How will new advanced information technologies impact work? This is a major focus of public debate right now, driven by widespread fears that automation will soon leave tens of millions unemployed. But debate so far has tended to neglect the relationship among technological innovation, political economy, and the law of work. This is a major omission, since the automation of particular tasks doesn’t just happen. Rather, it takes place under laws that are subject to democratic oversight and revision – and with different laws, we could encourage a radically different path of technological development, one in which workers have a real voice, and in which they share consistently in technology-driven productivity gains.

Take two upcoming transformations that we’re all familiar with: the automation of some kinds of driving and some kinds of fast-food work. Within a few years, truckers, delivery drivers, and taxi drivers may be able to use an autonomous mode consistently on highways. Later on, they may be able to do so on major suburban and rural streets. But given the wide variation in road quality, humans will likely need to pilot vehicles in residential areas and on city streets for some time to come. And given the wide variation in building structures that delivery robots would need to navigate, humans will almost certainly need to complete deliveries in many instances.

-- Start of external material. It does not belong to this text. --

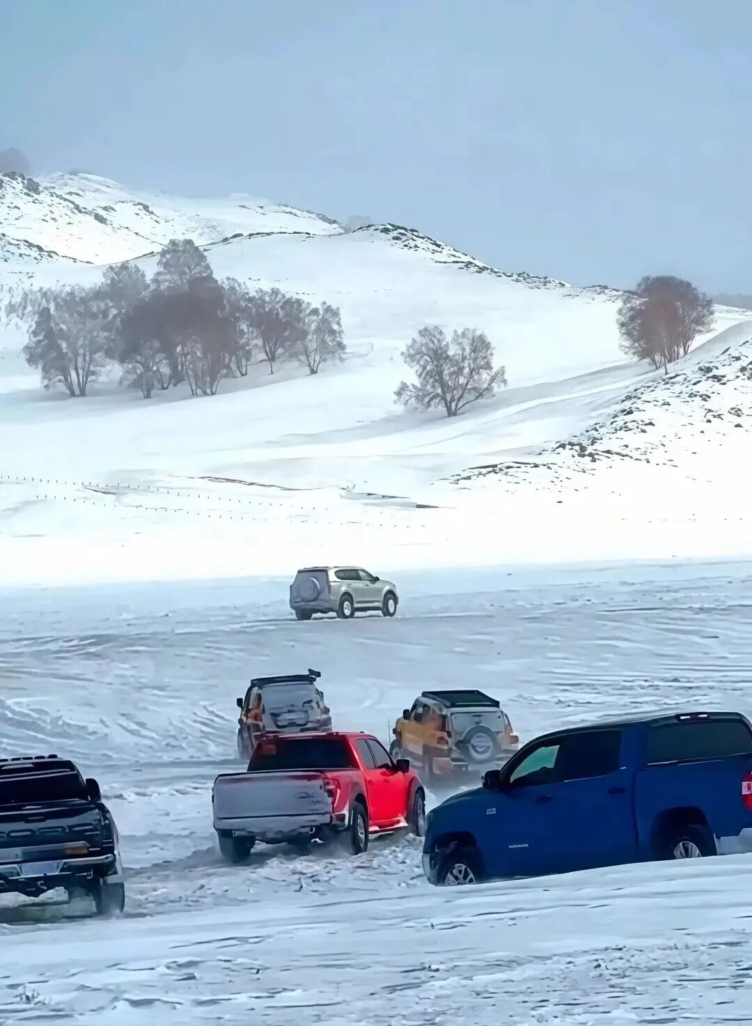 在无垠雪原上挥洒豪情离开河谷,视野豁然开朗。透风沟是一片开阔的丘陵地带,厚厚的积雪覆盖了所有起伏,大地只剩下最简洁、最纯粹的线条。在这里,越野车才能尽情释放它的野性,在无人打扰的雪原上压出第一道车辙,驶过一个个被积雪温柔覆盖的草垛,冲向山梁之巅,俯瞰这片被寒风雕刻出的、浩瀚无边的白色王国。

Similarly, in fast food, ordering kiosks are already displacing cashiers, but not in their entirety. Some customers are unable to use the kiosks, including the 70% of McDonalds customers who use the drive-through. Sometimes the kiosks will break down, and sometimes orders won’t be processed appropriately, and thus workers will need to step in. Food preparation may also be automated in part, but given the fine motor control and tacit knowledge required for cooking, it has proven resistant to full automation. Like the transformation in driving, then, this change will likely be gradual and iterative. Technology will augment human capabilities rather than replacing humans wholesale, and workers, companies, and consumers will need to adapt over time.